For the velocity determination by this measurement, it is necessary that the dip intervals .DELTA.Z in the V(Z) curve appear regularly. In general, however, the situation often arises where the dip intervals .DELTA.Z and the waveform of the V(Z) curve are so irregular that the dip intervals .DELTA.Z cannot be obtained from the curve, making it difficult to measure the velocity V.sub.s of the leaky elastic wave from the V(Z) curve.
The V(Z) curve recorded by the ultrasonic microscope apparatus includes every elastic information of the sample, and the abovesaid velocity measurement is an extraction of a part of the information. The V(Z) curve also includes an important factor which greatly affects the shape of an interference amplitude, that is, the propagation attenuation of the leaky elastic wave which contributes to the interference. It is considered that the amplitude attenuation of a leaky elastic wave which propagates on the boundary between the liquid acoustic field medium and the sample in the ultrasonic microscope apparatus is mainly caused by such three effects as (i) the radiation of the acoustic wave energy into the liquid owing to the acoustic loading of the liquid on the sample, (ii) the acoustic absorption by the sample and (iii) the scattering of acoustic waves due to the surface roughness of the sample and by the structural factors in the sample, such as cracks, pores and grain boundaries in the sample in which the leaky wave energy is distributed. Accordingly, by measuring the propagation attenuation of one or more leaky elastic waves which contribute to the V(Z) curve, it is possible to detect the acoustic impedance, the surface state and the internal structure of the sample.
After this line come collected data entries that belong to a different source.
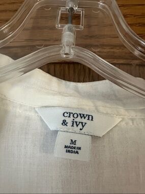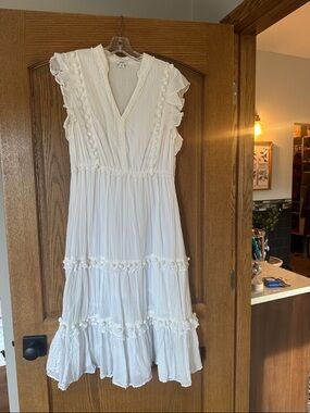 Lightweight white midi dress with textured crinkle fabric. V-neckline and flutter cap sleeves. Pom-pom and ruffle trim accent tiers. Fitted waist for a flattering shape.
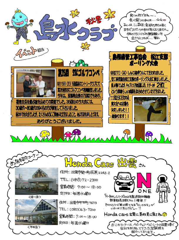 第35回SSCゴルフコンペ、季節のお話・新米、お店紹介コーナー(HONDA CARS出雲さん)、ほか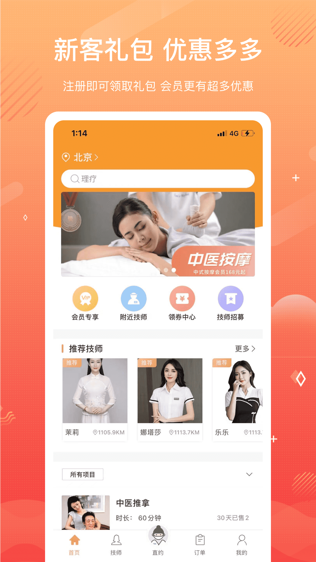 直约平台app是一款专业的上门按摩服务手机软件,在这里,根据用户的实时定位,智能化的筛选出附近的按摩商家,在线可以随意的进行挑选,一键就可以轻松下单,平台安全可靠,不用担心信息会泄露,每天还有不定时的优惠活动,可以领取优惠券下单更便宜,有需要的朋友们可以来体验一下了。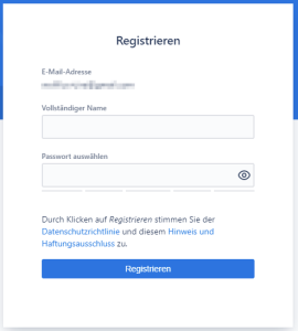 Hier können Sie nun Ihren Namen und Ihr persönliches Kennwort festlegen. Schließen Sie den Vorgang mit „Registrieren“ ab: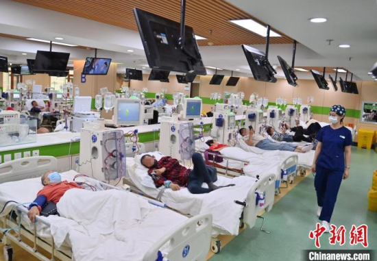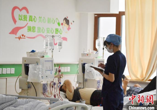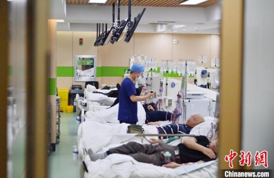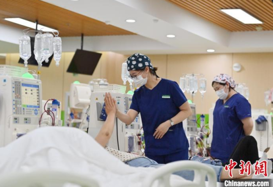 5月9日,長春中醫(yī)藥大學(xué)附屬醫(yī)院腎病科透析室內(nèi),護(hù)士在為患者進(jìn)行透析治療。該科室日均接診近200名患者,每位患者的透析過程都需要數(shù)小時(shí)。治療期間,護(hù)士們會全程密切監(jiān)測患者生命體征,隨時(shí)準(zhǔn)備應(yīng)對突發(fā)狀況。多年來,醫(yī)護(hù)團(tuán)隊(duì)以專業(yè)的技能和細(xì)致的關(guān)懷,持續(xù)為患者的生命健康保駕護(hù)航。中新社記者 張瑤 攝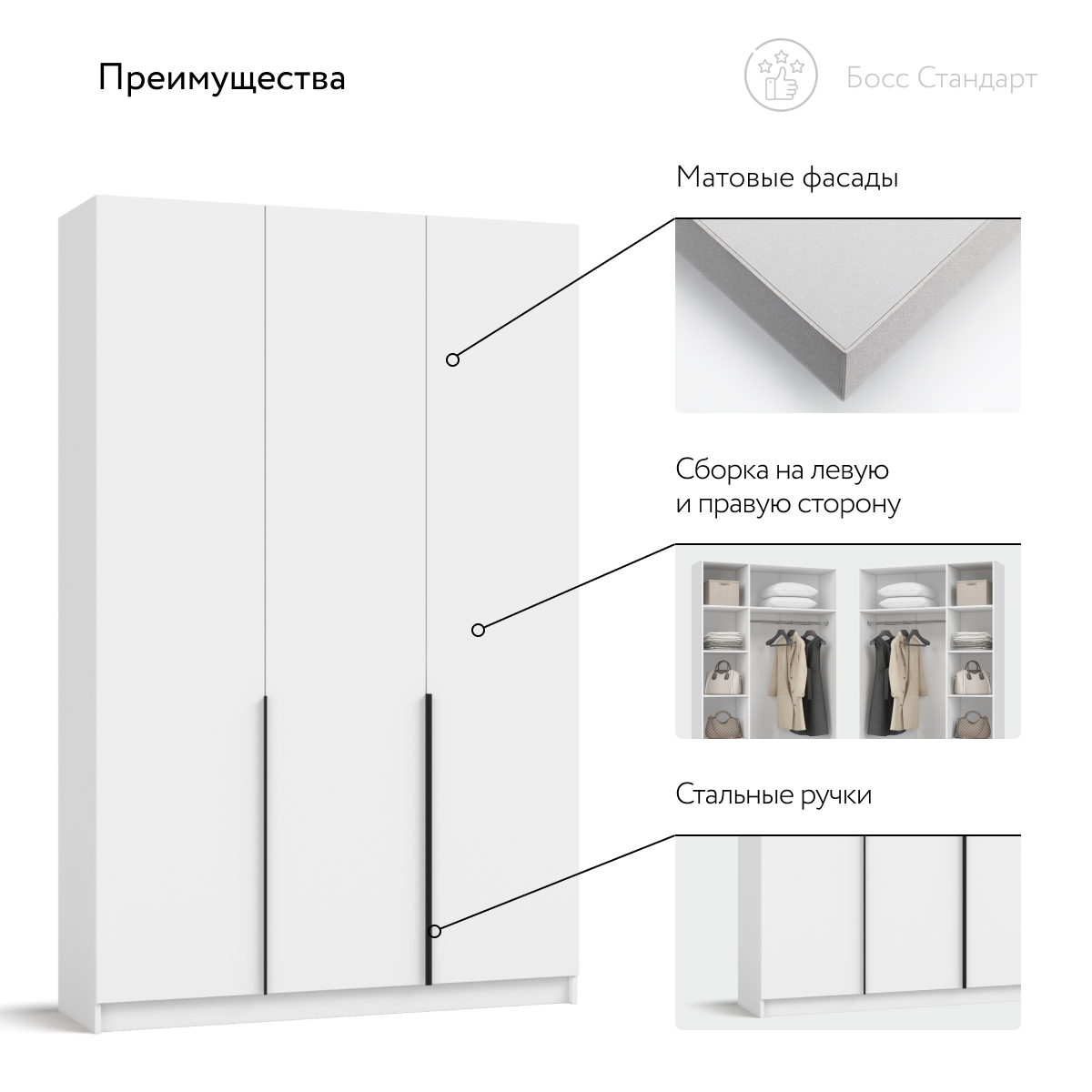 Корпус изготовлен из безопасной ЛДСП Е1 с устойчивым к истиранию покрытием, чтобы цвет и текстура радовали долгие годы. Босс Стандарт 135 создаёт ощущение простора и упорядоченности, превращая спальню или гостевую в гармоничное, «дышащее» пространство. Выберите шкаф, который аккуратно организует вещи и подчёркивает статус вашего интерьера.

In order to determine the propagation attenuation of the leaky elastic waves, two methods have been proposed and employed so far for the V(Z) curve obtained with the use of a conically focused ultrasonic beam. One of the methods is to estimate the attenuation by comparing the depths of dips or the magnitude of the interference amplitude in the measured V(Z) curve with those of the V(Z) curve obtained by theoretical calculations. The other method is to directly measure the attenuation of the leaky elastic wave amplitude, eliminating the response of the ultrasonic transducer to the ultrasonic beam component near the center axis of the beam in the V(Z) curve by attaching a sound absorber to an acoustic lens centrally thereof, using specially designed electrodes of the transducer, or employing an acoustic field suitable for the measurement so as to remove the beam component along the center axis of the beam, as described in, for instance, Smith et al., "SAW Attenuation Measurement in the Acoustic Microscope", ibid., 1982, 18, pp. 955-956.
However, these measuring methods have such fatal defects as follows: That is, the former method consumes much time for the comparison of the measured values with the calculated ones and insufficient in the correspondence between them because of the approximation by theoretical calculations, and hence is unsatisfactory in measurement accuracy. The latter method is inconvenient in that the velocity of the elastic wave must be measured using other methods such as the ordinary V(Z) curve method because the wave velocity is needed to determine the wave attenuation.